Requirement: Only the lines below from the one containing "Cheers to love" through the last line should be set down, exactly as written and with no pictures.
*** Data shown ***
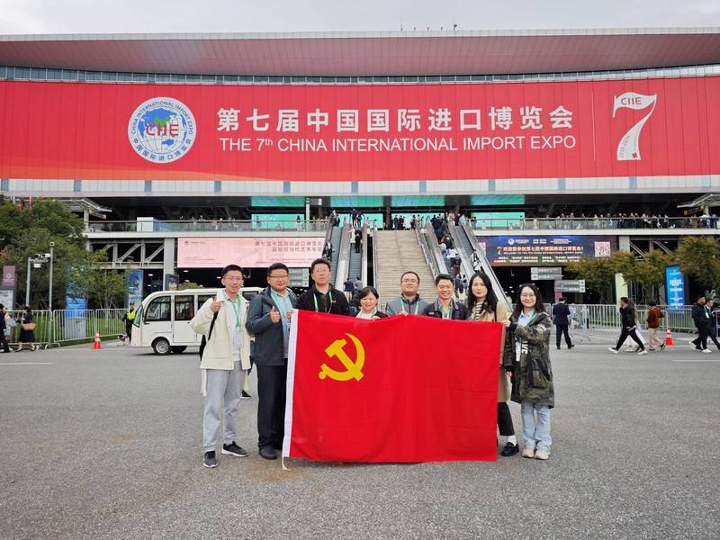 随后,支部成员们走进进博会现场,亲身体验了一场全球创新与交流盛会,从高精尖的机械设备到前沿的科技创新成果,每一处都彰显着我国对外开放的广度和深度以及在全球经济体系中的重要地位。支部成员们边走边看,边听边思,不仅开阔了眼界,更增强了为国家科技创新和对外开放事业贡献力量的信心和决心。
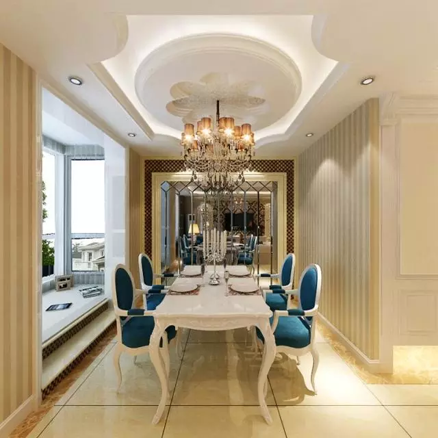 白色素雅的餐桌配上蓝白相间的座椅的搭配,精巧线条涡状曲折的桌椅腿,餐桌上欧式灯座蜡烛的配备,更显欧式浪漫风情。
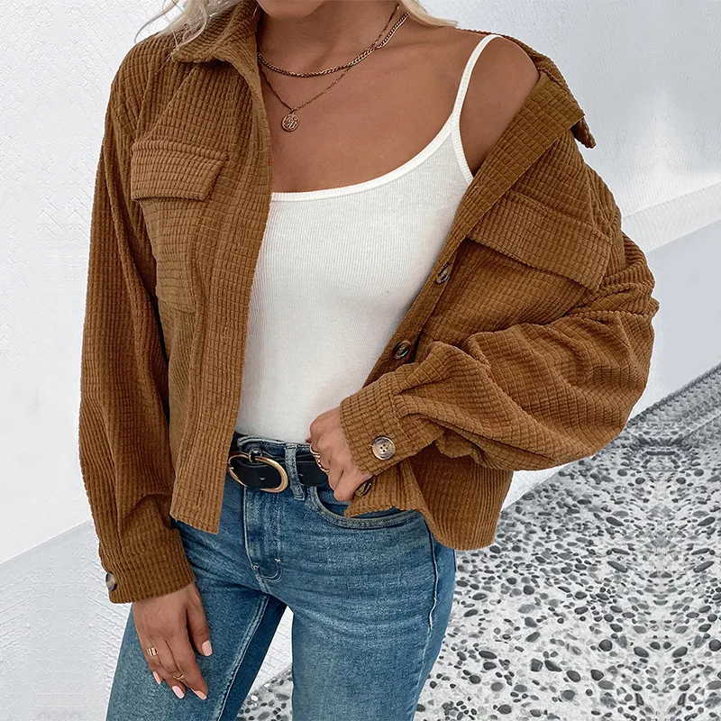 Wholesale Women's Casual Plaid Pocket Single Breasted Coat
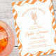 Cheers to love and bubbly! This Aperol Spritz-themed bridal shower invite brings a splash of Italian charm with a hand-drawn spritz illustration, bold orange stripes, and a chic wavy border. Perfect for the bride who loves summer cocktails, rooftop vibes, and Euro-inspired celebrations. Customize every detail—from the bride’s name to the RSVP.
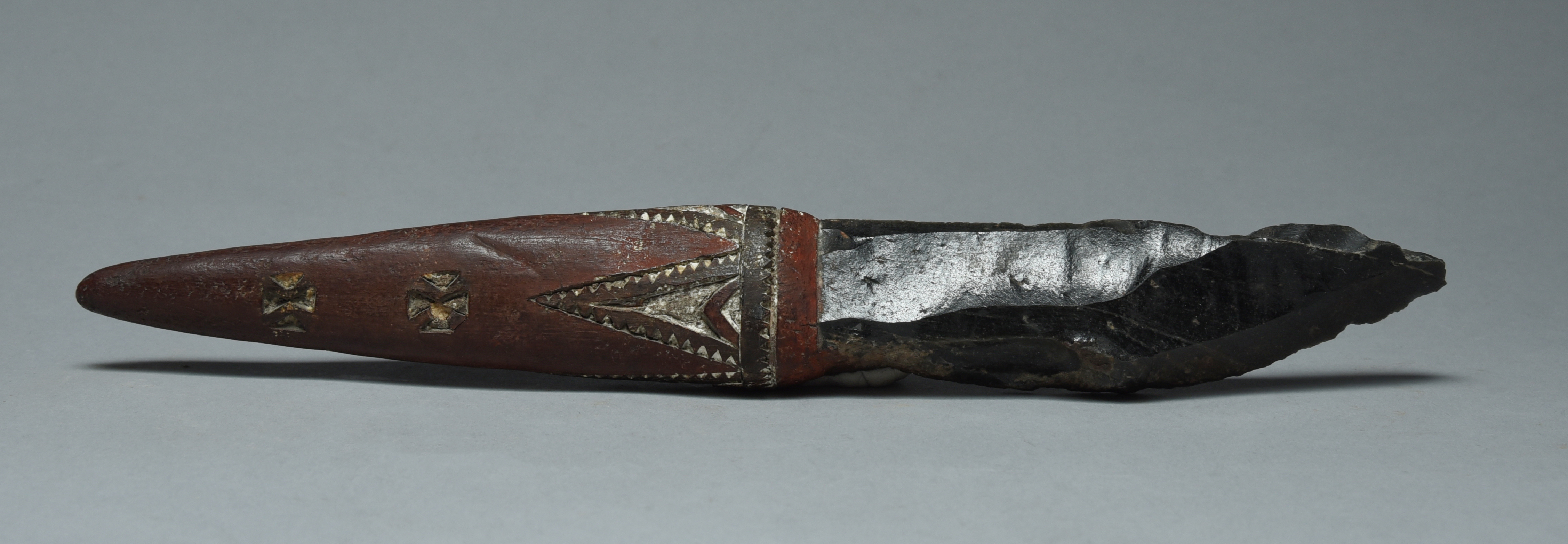 with an obsidian blade and a gum covered handle with carved geometric decoration and with ochre and lime,
*** End of Data shown ***
Problem solution:
 Cheers to love and bubbly! This Aperol Spritz-themed bridal shower invite brings a splash of Italian charm with a hand-drawn spritz illustration, bold orange stripes, and a chic wavy border. Perfect for the bride who loves summer cocktails, rooftop vibes, and Euro-inspired celebrations. Customize every detail—from the bride’s name to the RSVP.
 with an obsidian blade and a gum covered handle with carved geometric decoration and with ochre and lime,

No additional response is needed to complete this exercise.